Jazz petted Prowl’s nearest door. “Hey, beautiful.” She helped her sit up, patted her again, then paced over to a pair of baskets Prowl actually remembered loading up onto Wheeljack’s kattumaram. She hadn’t looked inside then, but now she looked on while Jazz dug through the contents, trying to see the—

Sticks. Sticks bound together with string.

“That’s not a map,” Sundance meowed, much louder than necessary in Prowl’s opinion.

“Shh!”

Jazz laid the stick thing down in middle of the group on the slowly rocking deck. “’S’a mahere rakau,” said with a sidelong glance at Prowl. “We ain’t takin’ it with us,” she warned, “so y’gotta know it.” She opened the other basket and started laying out shells around in a circle around the mahere rakau.

She didn’t even know how to read it, and she was supposed to memorize it? Prowl leaned forward, watching intently and hoping it would start to make sense.

It didn’t really. Jazz did point out the tiny stones that were meant to represent Rainclouds and the nearest islands, and then the one for Hightower, but she just couldn’t work out what the intervening space was for.

“The star-shells are stars,” Sundance said as Jazz set out a white square stone and placed it in the ring. “That cube is supposed to be the sun.”

“A star chart I can read,” Prowl said, able to make that much out; it was only the stars that were on the horizon at sunrise, “but I don’t understand what they mean relative to the islands. If we’re sailing all the way to Hightower, they’ll move.
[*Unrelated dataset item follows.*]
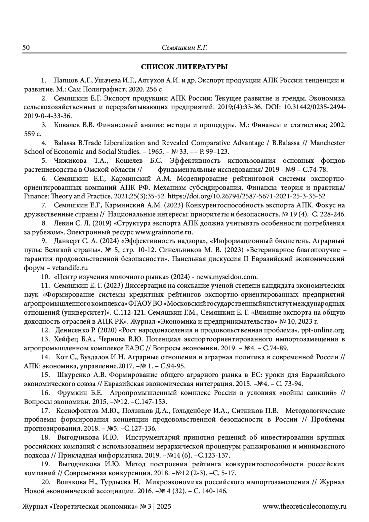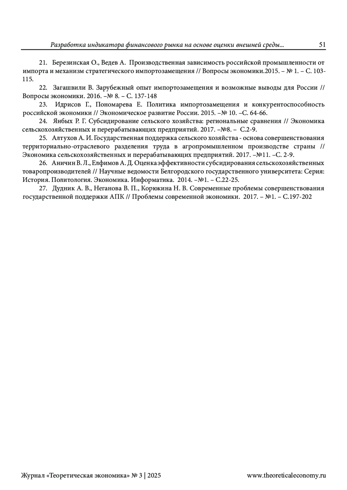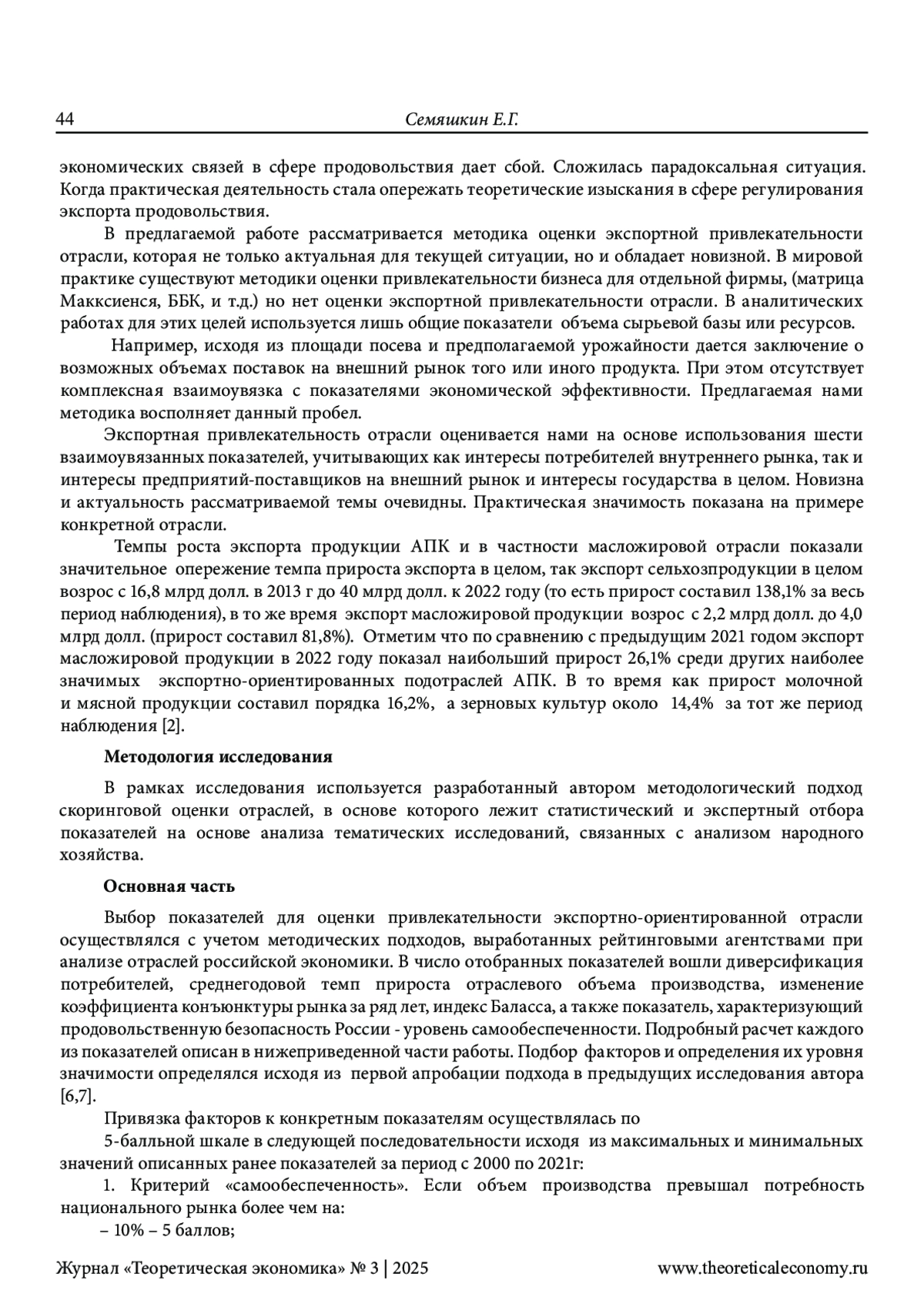 СЕМЯШКИН Е. Г. РАЗРАБОТКА ИНДИКАТОРА ФИНАНСОВОГО РЫНКА НА ОСНОВЕ ОЦЕНКИ ВНЕШНЕЙ СРЕДЫ ЭКСПОРТНО-ОРИЕНТИРОВАННОЙ МАСЛОЖИРОВОЙ ОТРАСЛИ // ТЕОРЕТИЧЕСКАЯ ЭКОНОМИКА. 2025. № 3 (123) (11 СТ.)

And none of it explains the sticks.” They had to be important somehow, because Jazz was being very precise about how she placed the other markers around them, and she knew they existed in the space that represented the Rust Sea, but they didn’t match what she knew of where the Teeth were. So what were they?

The others didn’t share her confusion. They nodded along as Jazz talked about how the wind would feel, seemingly following just fine when she moved the sun-representing stone to the “west” of the diagram and moved all of the star-shells to new sunset positions.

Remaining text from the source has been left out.